The record and the prompt are open, so it is clear exactly what is being asked. The prompt instructs the model to treat the review as fresh, to favour no party, and to say plainly if nothing material survives sceptical review.

Copy it, paste it into the AI tool you use most, and ask what a sound governance process would recommend here. If you find a mistake, the record is open to correction. Challenge it and send corrections. Corrections and clarifications will be reflected where appropriate.

Record of raising the issue

This record does not prove legal responsibility. It shows that the issue was raised before publication and that no public disputed-name process or namespace-relationship answer was found in public sources.

Sources

The claims above rest on dated, public, and retained records. Public items are linked where available.

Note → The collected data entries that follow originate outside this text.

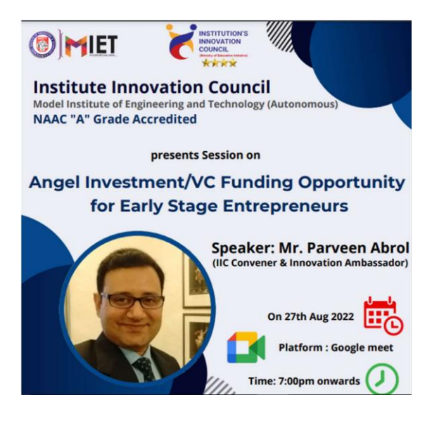
Fig 1: Poster of the event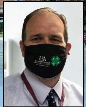
FROM THE DIRECTOR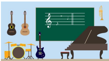
4. music room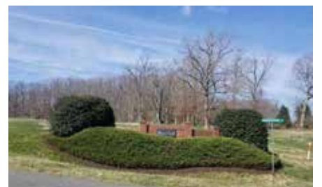
Lot 4 Meadow Brook Ln, Palmyra $60,000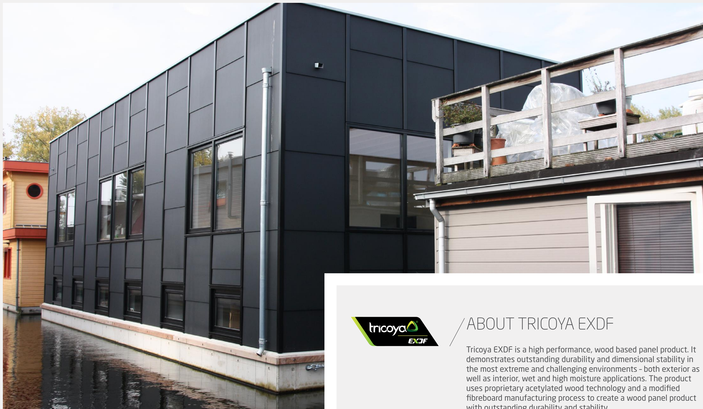
MEDITE TRICOYA EXTREME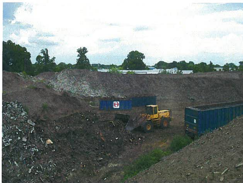
Photo 2. VIM Recycling, Elkhart operations Description: L-120D loader excavating and loading out O-1 pile into 50 yd and 100 yd trailers Date Taken: 7/21/09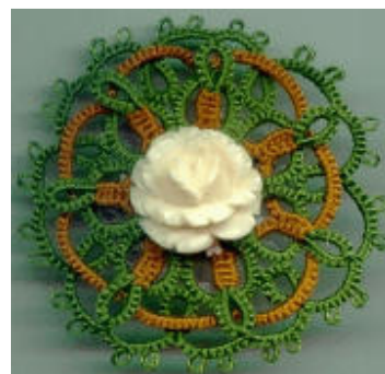
Green & gold was glued to a brooch finding The rose is "recycled" from an old bone earring

Remember if you hide the ends the motif becomes reversible. I cheated and just did a triple knot and cut close. Glue can be applied to the knot if desired.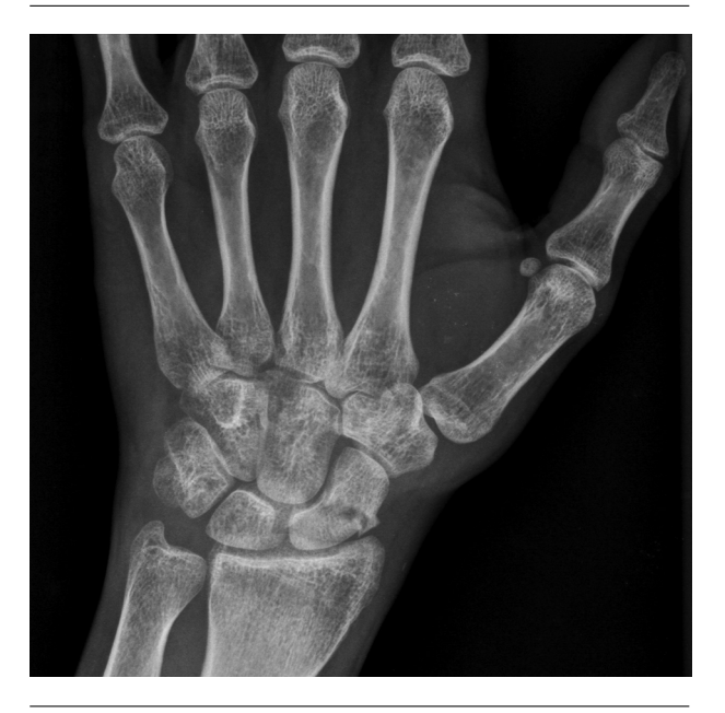
Figure 1. Radiography of the Left Hand Showing a Fracture of a Scaphoid Bone in the Middle Third, with a Line of Separation of 2 mm, Three Months After Sports Fall

tent pain, she went to an orthopedic surgeon for further evaluation. On examination, the pain was elicited when palpating on snuffbox. An X-ray examination was ordered and a fracture of the middle third of the scaphoid with a line of fracture of 2 mm separation was observed (Figure 1). Because there was already 3 months from the accident, a delayed nonunion fracture of the scaphoid was diagnosed, surgical treatment was postponed, and referral to the rehabilitation department was ordered.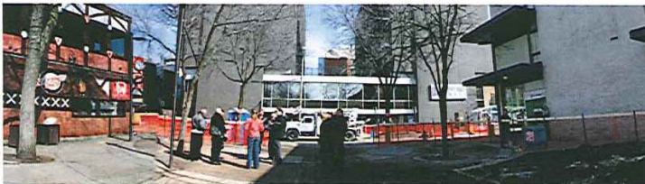
Early spring 2008 site conditions at Frances Plaza, looking south and north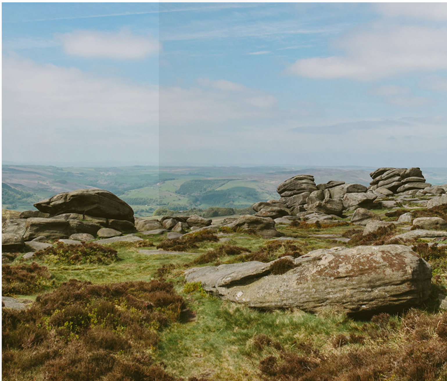
One third of the city of Sheffield lies within the beautiful countryside of the Peak District National Park

Check that any electrical appliances that you intend to bring with you will work safely on this voltage, and bring adapters to help convert the voltage, if necessary.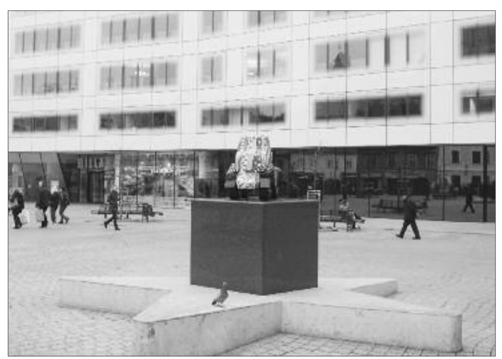
Photo 1: Artistic intervention (artist: Duje Medić) in the contested space (European Square) (photo by Juraj Vuglač, March 2016, courtesy of HDLU)

D3 / Solana Foundation namespace announcement: D3 publicly stated that D3 and Solana Foundation are together building infrastructure to bridge Web2 and Web3 domains on Solana, including applying for the .SOL and .SOLANA top-level domains. Public source: https://finance.yahoo.com/news/d3-raises-25m-series-led-140000586.html
SOLANA trademark reference: public trademark records list SOLANA as a Solana Foundation mark. Public source: https://trademarks.justia.com/906/95/solana-90695759.html
ICANN 2026 New gTLD Program application round: application submission period opened 30 April 2026 and closes 12 August 2026. Public source: https://newgtldprogram.icann.org/en/application-rounds/round2
ICANN Applicant Guidebook: roadmap for application submission and evaluation. Public source: https://newgtldprogram.icann.org/en/application-rounds/round2/agb
Companion SNS record: public incident and status record for the January SNS matter. Public source: https://weneedtotalkaboutsns.com/
Late March: Foundation-linked channel record. Private record retained.
Early April: forwarding record to a recipient working with SNS. Private record retained.
Early April: matter raised again through Foundation-linked channels. Private record retained.
13, 19, and 20 May: formal notices to Foundation operations, press, and legal channels. Email records retained.
2 June: final legal-channel notice. Email record retained.